TripAdvisor's Homescreen

2016–2017 / Team: Kelly Stevens, John Wiley, Philip Mertens, Caitlin Donahue, Yenyi Fu

With a small team of engineers, product managers, and a few designers, we built an engaging way for travelers to discover new places directly from their homescreens. We drove ~2.5% more hotel bookings and ~4% more restaurant reservations.




While I was at TripAdvisor, one of the largest pain points for customers was searching for and discovering content.

They often found it hard to find what they needed. The application's information architecture was fraught with navigational blackholes that were hard to recover from. And TripAdvisor's hotel, attractions, and restaurant bookings were of the utmost importance to the business's bottom line.

We needed to provide a better platform for customers to find what they need and what they didn't know they needed through machine learning and data science. This was a nearly year-long reimagining of home, search, and discovery.

My team, the mobile product group, gathered business and product requirements from the core verticals (hotels, restaurants, flights, vacation rentals, attractions, and search).

I collaborated with another designer and three product managers throughout the year. We conducted user interviews and usability tests with customers, built prototypes, and iterated on designs every week. To help drive the initial direction, we piggy-backed off a series of tests we had done with personalization of results.

We coordinated with product and engineering to lay out a roadmap, build it in phases, and roll out to limited segments of our audience to monitor performance. Through this phased approach, we were able to learn through following the data and listening to our customers.






After a year, we built a fully immersive home experience that grounded the customer in their travel destination and provided relevant, contextual content.

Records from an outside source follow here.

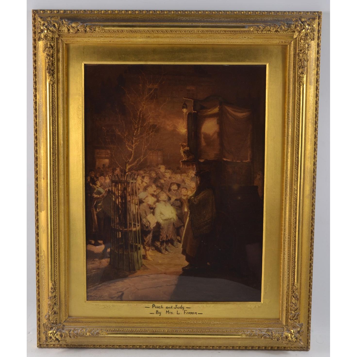 NICE QUALITY! A RALPH HEDLEY Vere eglommise glass inspired print of his famous painting ‘Punch and Judy’ within a period gilt frame 30cm long x 40cm highL: 30cm approx H: 40cm approx
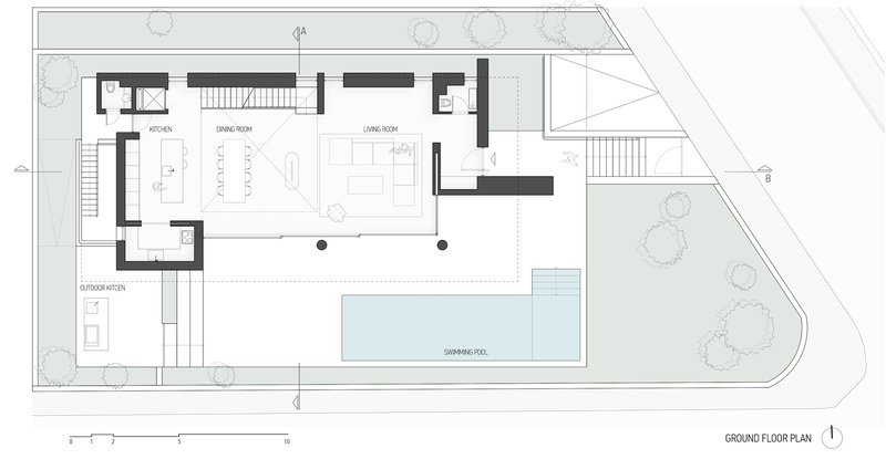 The ground level houses the main living areas, designed to extend seamlessly to the outdoor spaces, encouraging interaction with the natural environment and among the family members across generations.
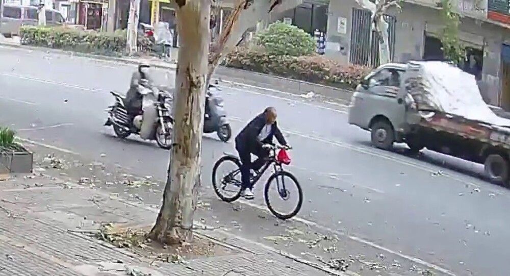 Камера наблюдения, установленная в китайском населенном пункте Чжучжоу, провинция Хунань, запечатлела момент падения части ствола дерева на велосипедиста. У пострадавшего мужчины диагностировали множественные переломы шейных и грудных позвонков и ребер, а также сотрясение головного мозга и субарахноидальное кровоизлияние
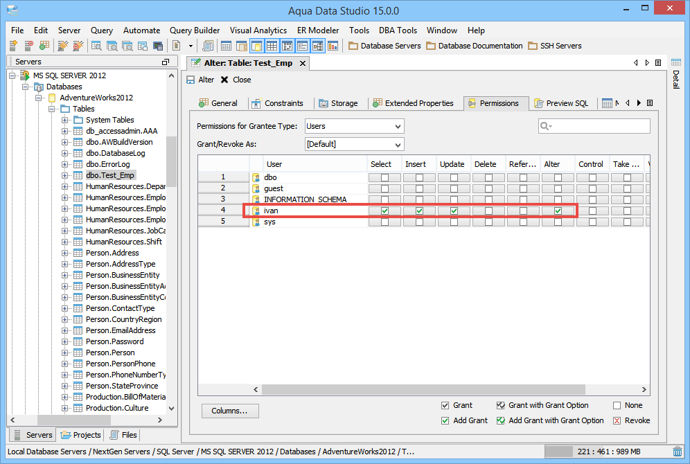 Once a table has been created, it is possible to use Aqua Data Studio's Visual Editing Tools to alter its properties. ALTER Altering tables through the GUI is also done with a right click menu on table objects in the schema browser. Right clicking on a table object opens the same popup menu as above, but to ALTER a table, select the second item in the list, "Alter Table". The resulting Alter Table window contains General, Constraints, Storage, Permissions and Preview SQL tabs across the top. Within the General tab, the table name, column names, datatypes and allow nulls can be changed. The Column information is sortable, expandable and displays more details about the selected columns. INSERT and DELETE of columns is available via right click on the Column Names within the General tab of CREATE and ALTER dialogs. The database and schema cannot be changed, and remain grayed out. Columns can be added (INSERT), deleted (DELETE) and changed (ALTER). Constraints and check conditions can be altered in the Constraints tab. Constraint properties details such as Name, Type, Ref Schema, Ref Table and Check Condition are modifiable visually. Constraint Definition Table Columns and Referenced Columns can be visually edited Storage information, just as above, can be altered in the Storage tab. The Storage tab provides details on Tablespace and table storage, its content vary depending on server vendor and version. Table Permissions (when privileges to do so have been granted to the current user in the server registration Permissions tab) can be altered and granted on the Permissions tab for column and command. Full grant options are available and all Permissions can be set by Grantee Type for Users, Groups or Roles depending on database vendor and type. Grant, Grant with Grant Option, Add Grant, Add Grant with Grant Option, and Revoke are available for SELECT, INSERT, UPDATE, DELETE across all databases. Depending on vendor supported functionality, there are other permissions which may be set such as ALTER, INDEX, References, On Commit Refresh, Query ReWrite The "Columns..." button at the bottom right of the Permissions tab, allows further permissions changes, including SELECT, INSERT, UPDATE, and References for the columns highlighted in the permissions grid within the Permissions tab. The Preview SQL tab displays the DDL used to alter the table based on the properties set within the other tabs. Below are the steps to alter a table.

The information and results displayed changed with user input (e.g. "I'm traveling to Los Angeles on these dates") or location detection (e.g. we know the customer is at home in Oakland, so show this relevant content). We also used this as opportunity to show sponsored and recommended content through machine learning.

I built a simple prototype in Principle to design some interaction and animation ideas, as well as do some light usability testing during one of the iterations. The final delivered product was altered slightly from this.

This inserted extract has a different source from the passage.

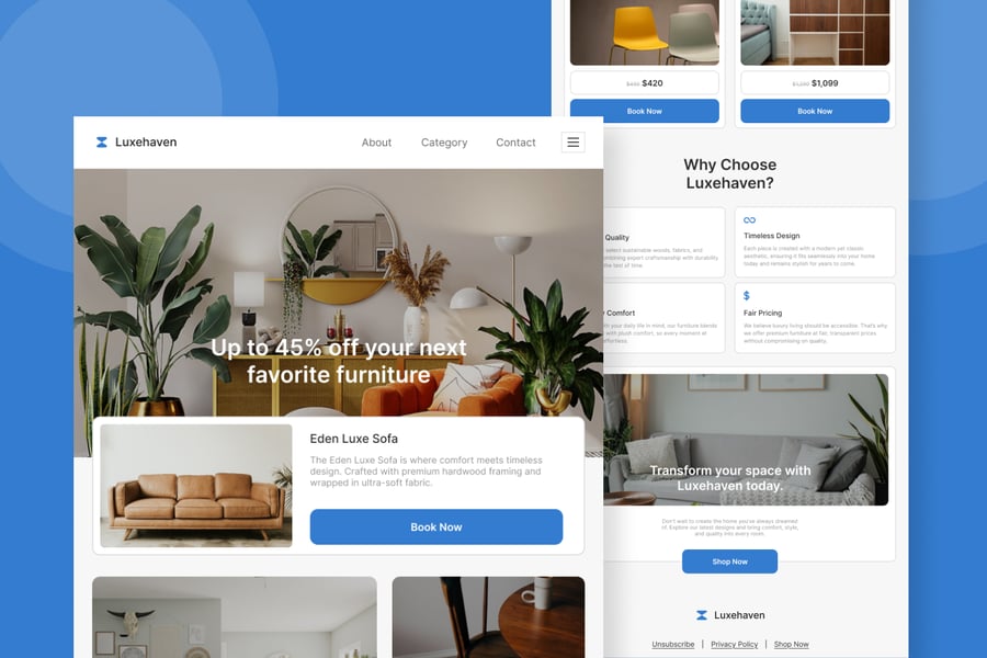 一款简洁优雅的网站用户界面,专为现代电商平台设计。此网页模板采用极简布局,产品列表页面、促销横幅和行动号召区域均针对用户体验进行了优化。非常适合设计师和开发者创建在线家具、室内设计或生活方式产品网站。设计重点在于易用性、美观性和响应式设计。

Designing and shipping this homescreen was a long and arduous process that yielded great results.

We saw a lift of ~2.5% in hotel bookings, ~4% in restaurant reservations, and ~3.5% in attractions bookings. Weekly active users and average session lengths also increased significantly from the previous generation of the home page.

I learned three things:

  1. 1. That while personas are a great tool, they're not the end all be all for deciding what customers need. We found conflicting goals and hybrids of our personas.
  2. 2. That coordinating a project at this scale needs a single decider. We had too many cooks in the kitchen at first.
  3. 3. The average American traveler takes two big trips a year, and a vast majority need help deciding where to go.